[Data below Boundary: Start]

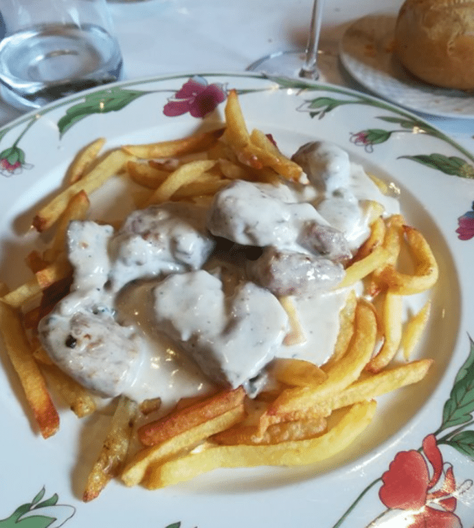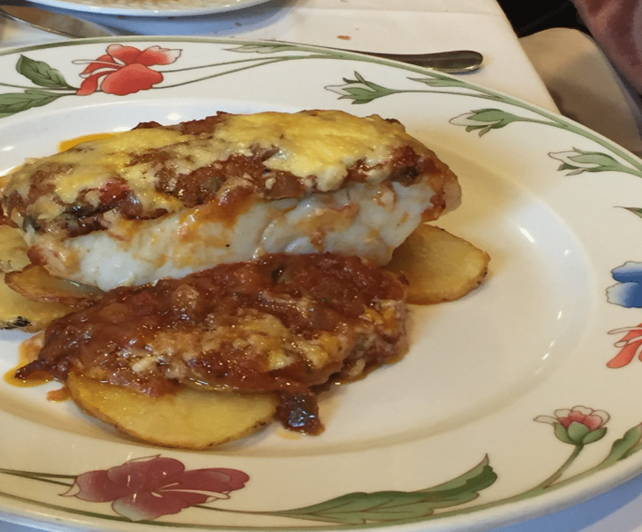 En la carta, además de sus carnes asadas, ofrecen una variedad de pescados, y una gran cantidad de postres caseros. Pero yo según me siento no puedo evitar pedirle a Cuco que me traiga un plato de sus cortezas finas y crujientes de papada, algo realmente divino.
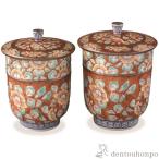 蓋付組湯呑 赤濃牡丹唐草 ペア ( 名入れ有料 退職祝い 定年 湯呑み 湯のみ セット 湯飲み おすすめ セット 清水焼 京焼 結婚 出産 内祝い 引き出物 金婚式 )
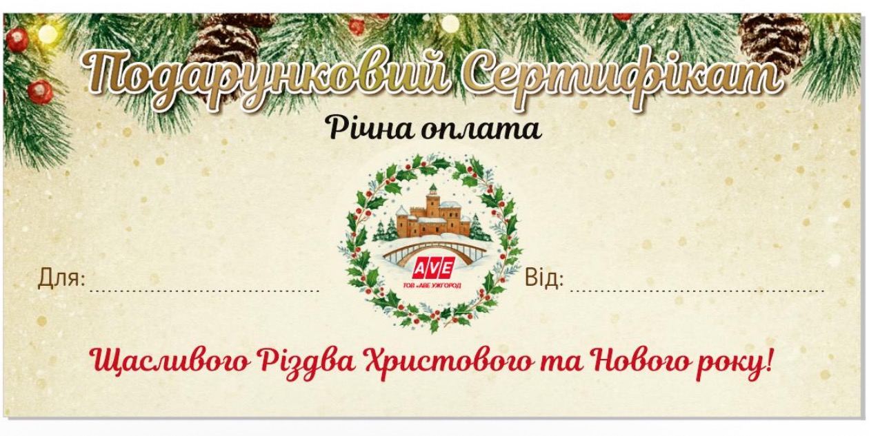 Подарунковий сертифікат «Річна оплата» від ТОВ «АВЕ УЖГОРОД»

[Data below Boundary: End]

Problem details:
Print the material above word for word, and keep the pictures out of it.

The answer:
 En la carta, además de sus carnes asadas, ofrecen una variedad de pescados, y una gran cantidad de postres caseros. Pero yo según me siento no puedo evitar pedirle a Cuco que me traiga un plato de sus cortezas finas y crujientes de papada, algo realmente divino.
 蓋付組湯呑 赤濃牡丹唐草 ペア ( 名入れ有料 退職祝い 定年 湯呑み 湯のみ セット 湯飲み おすすめ セット 清水焼 京焼 結婚 出産 内祝い 引き出物 金婚式 )
 Подарунковий сертифікат «Річна оплата» від ТОВ «АВЕ УЖГОРОД»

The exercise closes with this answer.